> Material provided:
= Beginning of Section =
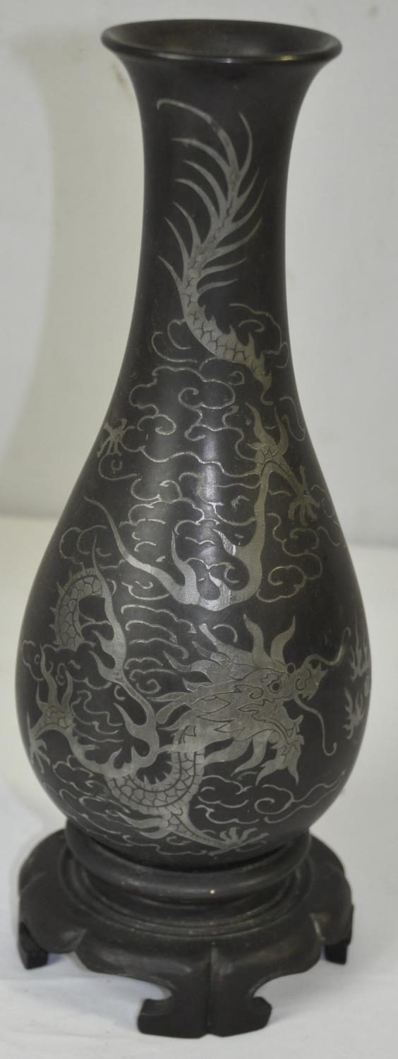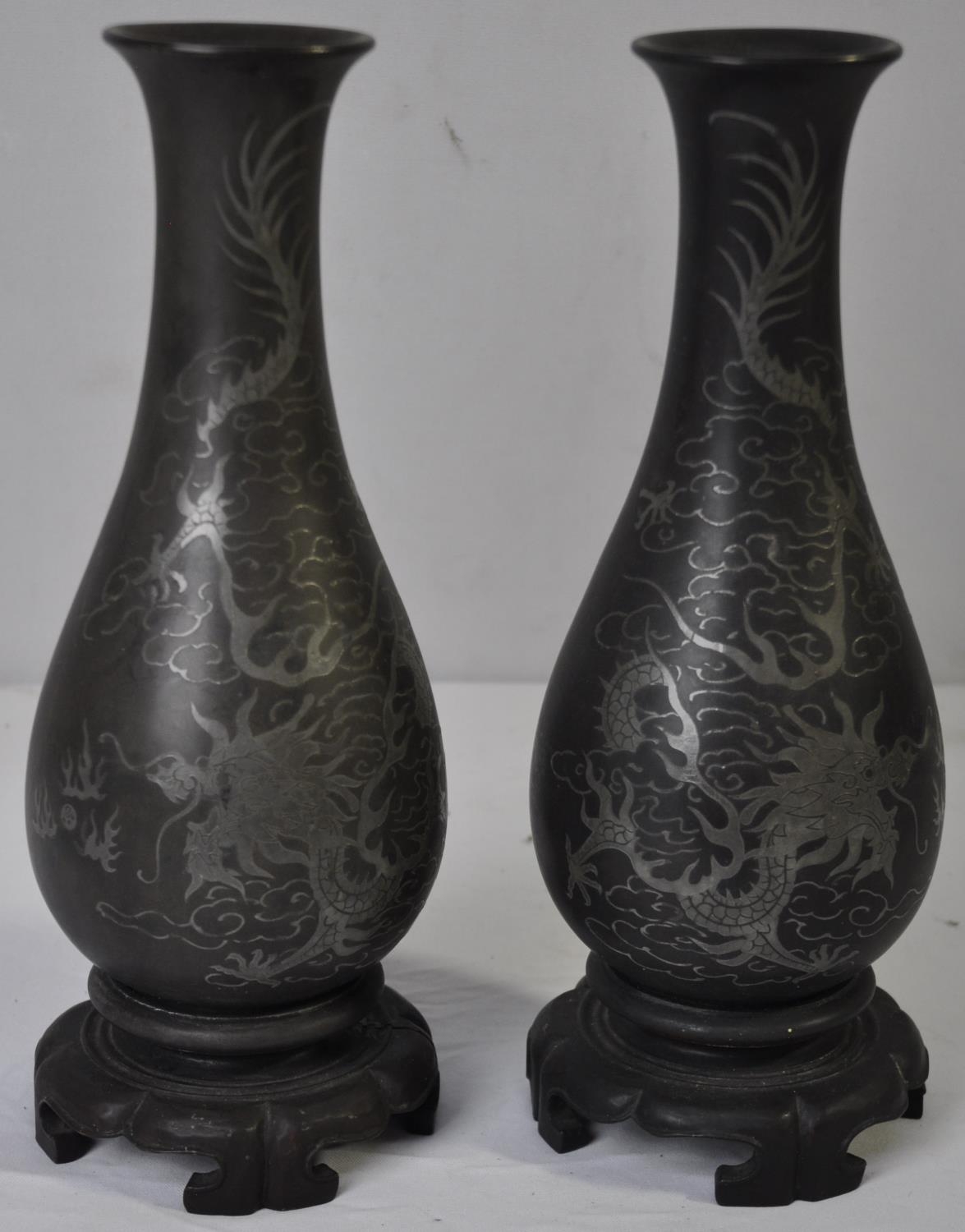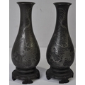 PAIR OF JAPANESE VASES LACQUERED AND INLAID WITH SILVER c1890
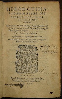 Herodoti Halicarnassei Historiae Libri IX: et De Vita Homeri libellus. Illi ex interpretatione Laurentio Vallae adscripta, hic ex interpretatione Conradi Heresbachij: utraque ab Henr. Stephano recognita. Ex Ctesia excerptae historiae. Apologia Henr. Stephani pro Herodoto. Accessit in hac editione Spicilegium Frid. Sylburgij, ad Henr. Stephanum virum clariss.
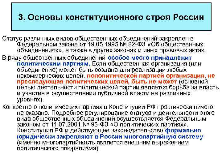 3. Основы конституционного строя России Статус различных видов общественных объединений закреплен в Федеральном законе от 19. 05. 1995 № 82 -ФЗ «Об общественных объединениях» , а также в других законах и иных правовых актах. В ряду общественных объединений особое место принадлежит политическим партиям. Если общественная организация (или объединение) может быть создана для реализации любых некоммерческих целей, пополитической партией организация, не преследующая политических целей, быть не может (основной целью деятельности политической партии является борьба за власть и участие в осуществлении публичной власти на различных уровнях). Конкретно о политических партиях в Конституции РФ практически ничего не сказано. Подробное регулирование статуса и деятельности этого вида общественных объединений осуществляется Федеральным законом от 11. 07. 2001 № 95 -ФЗ «О политических партиях» . Конституция РФ и действующее законодательство формально юридически закрепляют в России многопартийную систему (именно многопартийность является внешним выражением политического плюрализма).
= End of Section =
> Problem to work on: Return the listing above unchanged, apart from dropping its pictures.

> Exercise result:
 PAIR OF JAPANESE VASES LACQUERED AND INLAID WITH SILVER c1890
 Herodoti Halicarnassei Historiae Libri IX: et De Vita Homeri libellus. Illi ex interpretatione Laurentio Vallae adscripta, hic ex interpretatione Conradi Heresbachij: utraque ab Henr. Stephano recognita. Ex Ctesia excerptae historiae. Apologia Henr. Stephani pro Herodoto. Accessit in hac editione Spicilegium Frid. Sylburgij, ad Henr. Stephanum virum clariss.
 3. Основы конституционного строя России Статус различных видов общественных объединений закреплен в Федеральном законе от 19. 05. 1995 № 82 -ФЗ «Об общественных объединениях» , а также в других законах и иных правовых актах. В ряду общественных объединений особое место принадлежит политическим партиям. Если общественная организация (или объединение) может быть создана для реализации любых некоммерческих целей, пополитической партией организация, не преследующая политических целей, быть не может (основной целью деятельности политической партии является борьба за власть и участие в осуществлении публичной власти на различных уровнях). Конкретно о политических партиях в Конституции РФ практически ничего не сказано. Подробное регулирование статуса и деятельности этого вида общественных объединений осуществляется Федеральным законом от 11. 07. 2001 № 95 -ФЗ «О политических партиях» . Конституция РФ и действующее законодательство формально юридически закрепляют в России многопартийную систему (именно многопартийность является внешним выражением политического плюрализма).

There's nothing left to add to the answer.